O magistrado destacou ainda que os projetos apresentados chamam atenção não apenas pela robustez técnica, mas pelo propósito que orienta as soluções.
“Os produtos desenvolvidos são consistentes, têm escopo bem definido, oferecem uma boa experiência ao usuário e, principalmente, mantêm o foco no cidadão. A inovação aqui não é tecnologia pela tecnologia, mas um instrumento para aproximar a Justiça das pessoas e tornar a prestação jurisdicional mais justa e acessível”, afirmou.
Estratégia e inovação
Durante a visita, também foram apresentados projetos estratégicos do tribunal, como o RecuperaJud, banco de dados que automatiza e agiliza a comunicação entre juízos sobre processos de Recuperação Judicial de empresas; o Cidadania Digital Integrada, vinculado ao aplicativo MT Cidadão que reúne cerca de 1,3 milhão de usuários e concentra informações processuais e institucionais; e a modernização do portal de serviços do Judiciário, que inclui consultas processuais em linguagem simples e atendimento via WhatsApp com apoio de inteligência artificial.
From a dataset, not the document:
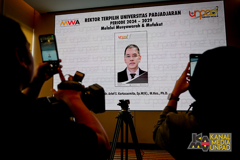 [Kanal Media Unpad] Majelis Wali Amanat Universitas Padjadjaran menetapkan Prof. dr. Arief S. Kartasasmita, dr., Sp.M(K), M.Kes., PhD, sebagai Rektor Terpilih Unpad Periode 2024-2029. Penetapan Prof. Arief dilakukan secara aklamasi dalam Rapat Pleno Tertutup MWA yang digelar di Pullman Bandung Grand Central, Bandung, Kamis (4/7/2024).
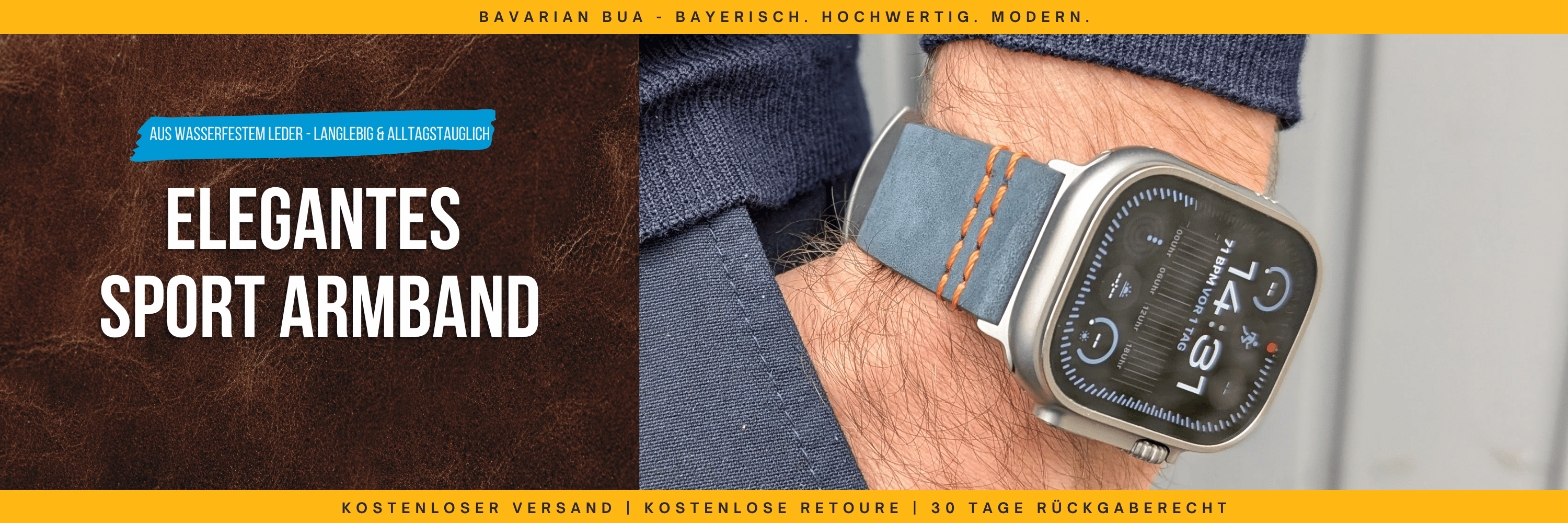 Entdecke unser robustes Sportarmband aus schadstoffgeprüftem, wasserabweisendem Leder aus Italien. Handgefertigt in Bayern und ausgestattet mit passgenauen Edelstahladaptern – ideal für deine Apple Watch Ultra 1, 2 und 3 in Natur und Schwarz. Perfekt für Sport, Alltag und Büro.

Também participaram da agenda técnica o desembargador Luiz Octávio Oliveira Saboia Ribeiro, presidente do Comitê de Governança Estratégica de Inteligência Artificial (CGEIA); o juiz Gerardo Humberto Alves da Silva, auxiliar da Vice-Presidência do Tribunal de Justiça de Mato Grosso; o juiz Vinícius Paiva Galhardo, membro do InovaJusMT; e os servidores Janaina Taques, Thomas Augusto e Pablo Marquesi, que atuam no Laboratório de Inovação.